What Unfair Competition Looks Like / Ecco la Concorrenza Sleale

In case you weren’t clear what Italian translators are up against, here’s a publicity flyer recently distributed at a public event in Rome:

tre_euro

To save you figuring out the completely fanciful unit of measurement that this person has invented, 24 lines at Courier 14 comes to about 190 words, so the per-word rate here is €0.015/$0.020/£0.013. But wait: there’s a 16% discount for quantity!

How about if we all write to traducodaing.franc@gmail.com (you can write in franc, ing, or ital, one imagines) just to touch bases and remind him/her that some people are trying to earn a living here? When you write, be sure to mention the word “crumiro.”

About No Peanuts! for Translators

No Peanuts! supports professional translators & interpreters in demanding & receiving fair pay for their work.
This entry was posted in Humor, Resistance, The Sustainable Translator, Translation#Fail. Bookmark the permalink.

8 Responses to What Unfair Competition Looks Like / Ecco la Concorrenza Sleale

  1. Felicita De Pace says:

    That’s funny! I am an Italian translator myself and just spotted a MISTAKE in the flyer! On the right: “Oltre 50 CARELLE”, instead of “CARTELLE”. If he/she pays the same attention to his/her translations…

  2. Eliza P. says:

    And yet, I have found even worse! Check this out! (Only if you really need to set your blood pressure to “boiling rage”)
    http://www.freelancer.com/projects/Translation-Windows/Translate-Software-Product-Webpages-from.4198352.html

    50 web pages x 500 words per page = 25,000 words. Their budget? 125-200$

    el oh el

  3. Lorraine says:

    Competition at 1 -6 cents, be they dollar, euro or pence per word should not worry us unduly. You only have to see the offer of a discount on 50 ‘carelle’ …. if that is the quality of their Italian, the quality of their translation is easy to imagine….. it is more the genuinely qualified, but maybe not very experienced, who undersell themselves/others that worry me.
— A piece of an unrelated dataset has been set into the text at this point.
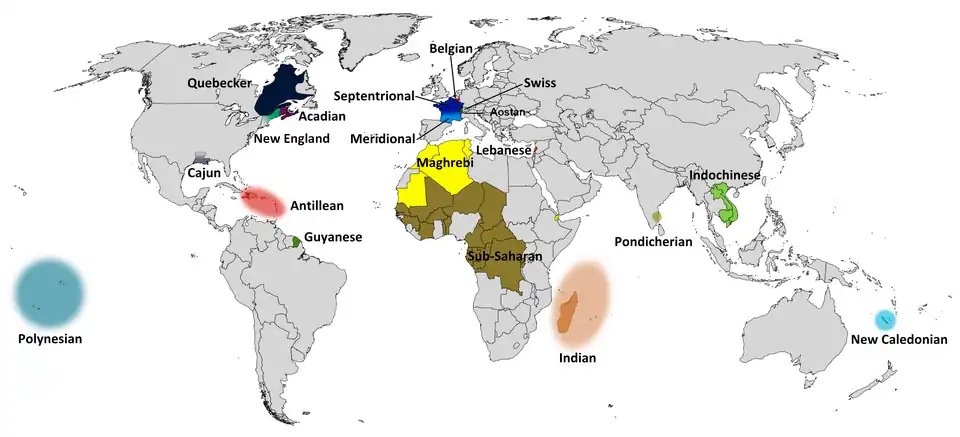 | Native to | France, Belgium, Switzerland, Monaco, Francophone Africa, Canada, and other locations in the Francophonie |

They can do an ok job, fine for a not overly-demanding customer, but cut out those who work for a living (as opposed to those who live at home with their parents and while dreaming of a job in Bruxelles or at the UN, translate/interpret ‘as a hobby’……..

  4. transandloc says:

    For that rate they must be charging for using Google Translate. We do not sell the same translation services. That can’t be even considered as competition. Too bad for them. I would feel ashamed.

  5. I wonder how many of you out there who when standing up to these so-called “translation” agencies who try to peddle their wares in the proverbial peanuts, receive irate communications from them invariably invoking one of the oldest chestnuts in our industry, namely, “You (and/or your response) is/are highly UNPROFESSIONAL”. More recently another “Manisero” (= Peanut Vendor) named International Translating Company ostensibly located in the State of Utah in the U.S. has been peddling their peanuts, obtaining names from Guess Who? ProZ of course. . Evidently, if you decline their offer of such peanuts, you are labeled “unprofessional”. Ah, yes, life in the translation industry never changes.

  6. Francesca says:

    A typo (50 carelle), no capitalization at the beginning of a sentence – a sure mark of excellent quality!

  7. ‘Peanut vendor’ is an excellent description of these opportunists. We should popularise the term Bernie. The time has come for the ‘translation profession’ to differentiate itself from the ‘translation industry’. We will always be needed, whereas the industry is clearly headed for a major shake-out caused by narrowing margins and a sharp decline in quality, particularly if the ‘profession’ wakes up to itself and stops working for them.

  8. Oops, I may have inadvertently insulted peanut vendors who are fine people selling an excellent product at a reasonable price.